Phillies Hit Hard By SI Cover Jinx
Roy Halladay allowed a lowly photographer to gaze upon his exquisite human form long enough to grace the cover of Sports Illustrated’s annual MLB preview issue, which hit newsstands earlier this week. Since then, a series of unfortunate developments are threatening to derail the Phillies’ quest for a third straight National League pennant. Is this the ballyhooed cover jinx at work? You be the judge:
Jayson Werth shaved his beard.
The beard captured the hearts of not only the Phillies’ faithful, but fans across the country, and probably the world over. The Internet, which had not seen a new meme in years, could scarcely move quickly enough to poorly Photoshop Werth’s glorious new locks onto pictures of Jesus, Santa Claus, Zeus, and Jeff Bridges (who are really all the same person, if you think about it). So why would Werth return to the chin strap, which pretty much looks like a vagina? Clearly, he is under the influence of some sort of Manchurian Candidate type deal. If he starts hacking at pitches like Jeff Francoeur, abandon all hope for anything that is good and decent in this world, for we have entered dark times.
Joe Blanton is out 3-6 weeks with a strained oblique.
Blanton has never spent time on the disabled list before now, even though he tried to once as a rookie because he thought DL stood for “Doughnut Land.” What caused this brave Adonis, this Cadillac of men, to suffer an injury which, in and of itself, sounds shrouded in mystery? The only logical explanation: A gypsy curse.

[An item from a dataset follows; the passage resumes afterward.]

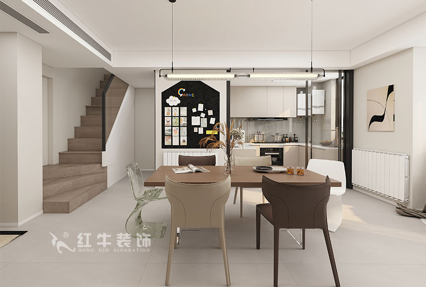 樓上下,通過溝通,一樓不保留衛(wèi)生間的功能,就把餐廚設(shè)計為一體,利用島臺的半墻做一個背景墻,完成空間的融合,沙發(fā)和柜子在一個面,整潔規(guī)整,增大空間感;二樓的書房設(shè)計開放式的,設(shè)計中用軟隔斷進(jìn)行分割。
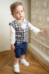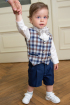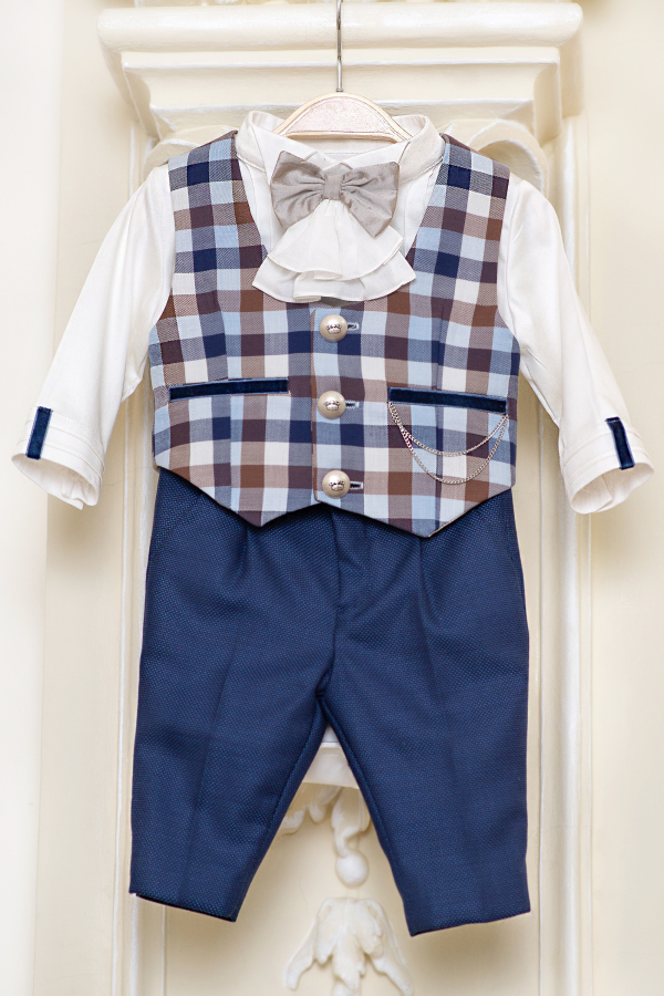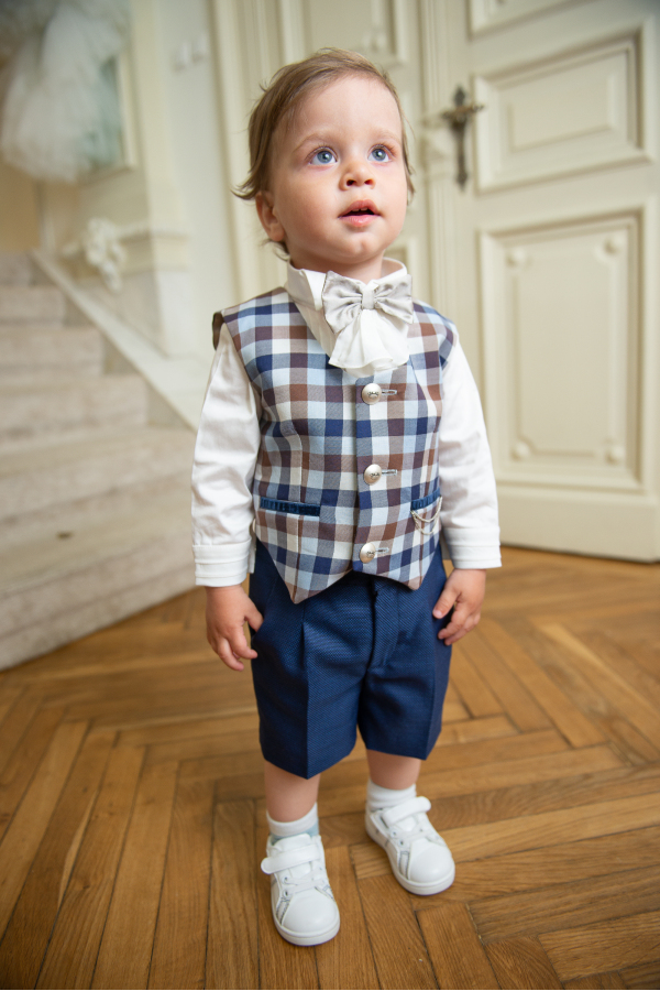 Costum elegant pentru baieti, cu un vibe aristocratic chic, dat de detaliile fine ale camasii si jaboul cu volane. Costumul are vesta in carouri si pantaloni scurti, perfect pentru a fi purtat in acest sezon calduros.

Joe Blanton, in happier times.
Roy Halladay gave up four runs in the first inning yesterday.
Such a horrifying spectacle could never have taken place without the influence of dark magic. Roy Halladay – or, as he is known in the robot circles from whence he came, RObotic Yttrium Heuristic Algorithmic Linear LArge Dominance Apparatus…Yo – is an impeccably calibrated pitching machine from the galaxy Nebulon-5. The odds of a crappy Blue Jays team scoring four runs off of him in a thousand innings, let alone one, are a mathematically improbable infinity to negative one, or roughly equal to the Mets’ chances to win a World Series at any point in the next three centuries. Only a ball-shrivellingly advanced supercomputer virus introduced into his programming could bring such harm to the man who found Waldo, Carmen San Diego, and Osama bin Laden, then struck them out to retire the side.
Placido Polanco’s head has grown to comical proportions.
Oh, wait. It was always like that. Never mind. Scratch that one.
Raul Ibanez couldn’t hit a woman with Captain Falcon’s pimp hand.
His spring line is .128/.281/.234 in 47 at-bats. If you add all those numbers together, multiply by 29 (his jersey number), take that product to the power of 37 (his age), divide by 1,348 (the number of u’s in a proper “RAUUUUUUULLLL” chant), subtract the square root of pi, eat some chicken strips, and solve for x, you get 23, which was at the center of the Jim Carrey movie that was so horrible, it caused numerous suicides. How many, you ask? 1,506 – the number of hits Ibanez has accumulated in his career. Coincidence? I think not.
Thanks, Sports Illustrated. Thanks a lot.